The effect of wall-slip formation on the rheological behaviour of lead-free solder pastes
Introduction
Wall-slip occurs due to the displacement of the particles away from solid boundaries, leaving a liquid layer, which has apparent lower viscosity then the bulk viscosity [1], [2], [3], [4]. The formation of wall-slip is usually seen as a source of error in the rheological measurements and various steps have been taken to eliminate or reduce this phenomenon [5], [6], [7], [8]. However, in some cases the wall-slip could play a positive role in aiding the flowability of a material at various stages in processing, which could be related to the performance of the material in the real production environment. The factors that affect the wall-slip is summarised in the review by Barnes [1].

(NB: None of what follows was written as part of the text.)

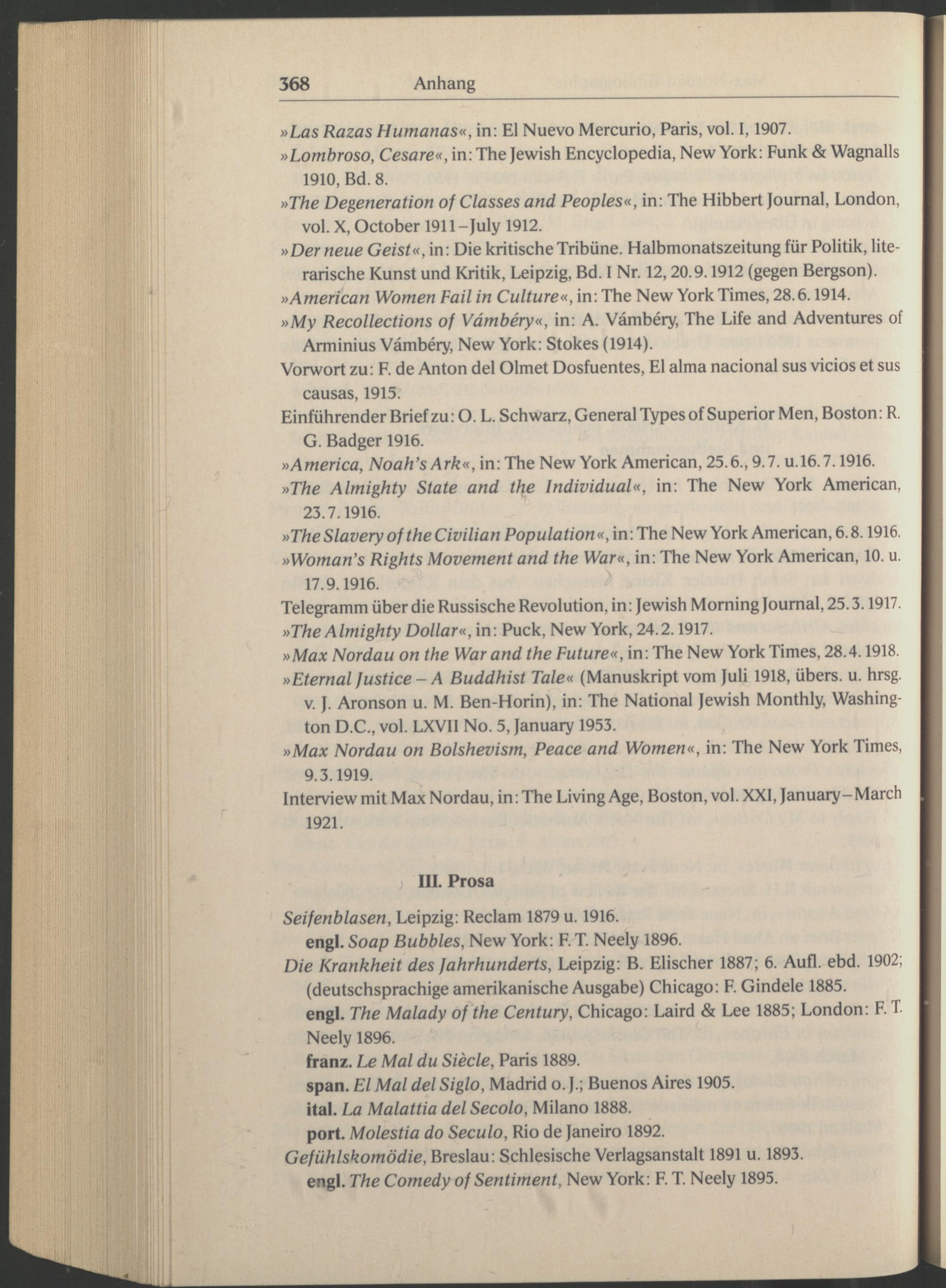 »Max Nordau on the War and the Future«, in: The New York Times , 28.4.1918. »Etemal fustice-A Buddhist Tale« (Manuskript vom Juli 1918, übers, u. hrsg. v. J. Aronson u. M. Ben-Horin), in: The National Jewish Monthly, Washing ton D.C., vol. LXV1I No. 5, January 1953.
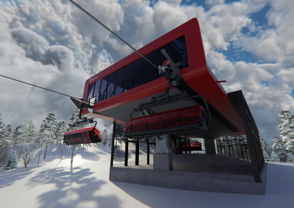In Summer 2022, Kircher Concepts made some additional renderings showing the impressive bottom terminal of Jordan 8, as well as the lifts large media screen.

In the electronic manufacturing industry, the stencil printing process is the most popular method to deposit paste material (solder paste and isotropic conductive adhesives) onto the printed circuit board (PCB), as shown in Fig. 1. During the stencil printing process, the squeegee generates hydrodynamic pressures creating a paste roll and injects the paste into the apertures. In stencil printing process, two critical sub processes are the aperture filling and aperture release process [9], [10]. Successful aperture filling and release will greatly depend on the rheology of the paste material [11], [12]. When the paste is sheared by the squeegee, the viscosity of the paste must be low enough to flow into the aperture. During the aperture release process, the viscosity of the paste must be large enough to overcome the adhesion forces of the sidewall of the apertures. The aperture release process could be improved with the formation of a lubrication layer between the aperture and stencil wall. A good print is defined by the volume of the paste deposited on the interfaces, i.e. the deposited volume is equal to the aperture volume. However in a manufacturing environment, the volume of deposited is always less than the aperture volume. This is caused by the adhesion of the paste to the stencil aperture walls. Therefore, engineering a paste, which will easily flow through the aperture, as shown in Fig. 2, is critical in order to achieve consistent printing, which will ultimately reduce defects and increase production yield.
The rheology of solder paste is therefore considered to be one of the most important parameters, which affect the paste printing process. As component package and printed circuit board (PCB) densities continues to increase and the size of solder joints continues to decrease, proper characterisation and understanding of solder paste rheology is essential for achieving consistent solder paste deposition and hence quality and reliability solder joints. As dense suspension, the rheology of solder pastes is dominated both by flux–vehicle system and the particle size distribution of the solder powders. The commonly used solder pastes for stencil printing contain 0.5 solid volume fraction of solder powders. A slight increase in the solid volume fraction would lead to significant increase in viscosity, which results in poor printability.
Different types of geometries are available: such as cone and plate, parallel plates and T-shaped spindle viscometers is used to measure the solder paste viscosity. However, accurate measurement of the viscosity of a solder paste is still challenging due to the presence of wall-slip. The wall-slip occurs at the interface between the paste samples and measurement parts. It is a well known fact that in viscosity measurement, using parallel plate rheometer, the particles near the solid boundaries migrate into the bulk of the sample [13]. This leads to the formation of liquid rich layer at the boundary between the sample and the plate. The liquid rich layer contains lower solid volume fraction of particles and is often treated as pure liquid [14].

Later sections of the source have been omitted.